Information provided:
[Start of Attachment]

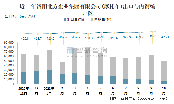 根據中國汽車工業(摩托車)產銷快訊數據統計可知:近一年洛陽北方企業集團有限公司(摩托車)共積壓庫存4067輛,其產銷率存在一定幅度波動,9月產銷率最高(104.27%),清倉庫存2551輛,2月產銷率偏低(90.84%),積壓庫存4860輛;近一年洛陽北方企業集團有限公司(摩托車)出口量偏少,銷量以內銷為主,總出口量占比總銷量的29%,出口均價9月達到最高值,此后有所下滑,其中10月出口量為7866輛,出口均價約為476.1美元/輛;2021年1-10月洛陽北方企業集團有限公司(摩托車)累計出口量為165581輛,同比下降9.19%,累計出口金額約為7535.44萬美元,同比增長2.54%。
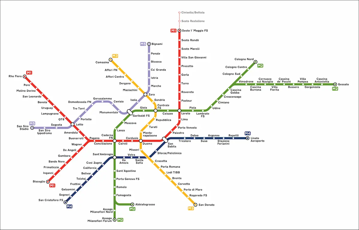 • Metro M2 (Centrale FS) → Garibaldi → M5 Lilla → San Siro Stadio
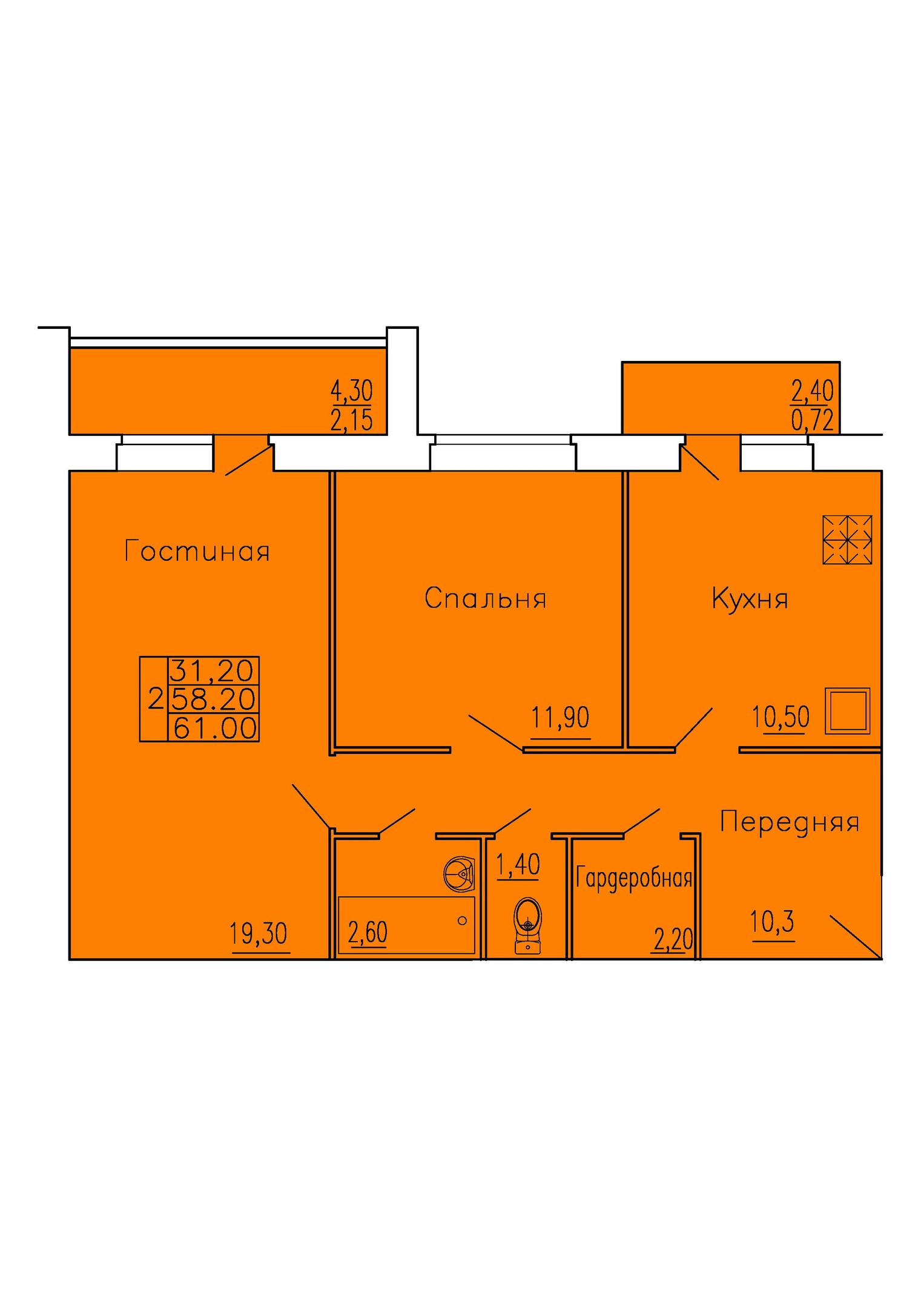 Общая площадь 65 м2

[End of Attachment]

Description of the task:
Reproduce the whole listing word for word, setting aside any pictures.

Response:
 根據中國汽車工業(摩托車)產銷快訊數據統計可知:近一年洛陽北方企業集團有限公司(摩托車)共積壓庫存4067輛,其產銷率存在一定幅度波動,9月產銷率最高(104.27%),清倉庫存2551輛,2月產銷率偏低(90.84%),積壓庫存4860輛;近一年洛陽北方企業集團有限公司(摩托車)出口量偏少,銷量以內銷為主,總出口量占比總銷量的29%,出口均價9月達到最高值,此后有所下滑,其中10月出口量為7866輛,出口均價約為476.1美元/輛;2021年1-10月洛陽北方企業集團有限公司(摩托車)累計出口量為165581輛,同比下降9.19%,累計出口金額約為7535.44萬美元,同比增長2.54%。
 • Metro M2 (Centrale FS) → Garibaldi → M5 Lilla → San Siro Stadio
 Общая площадь 65 м2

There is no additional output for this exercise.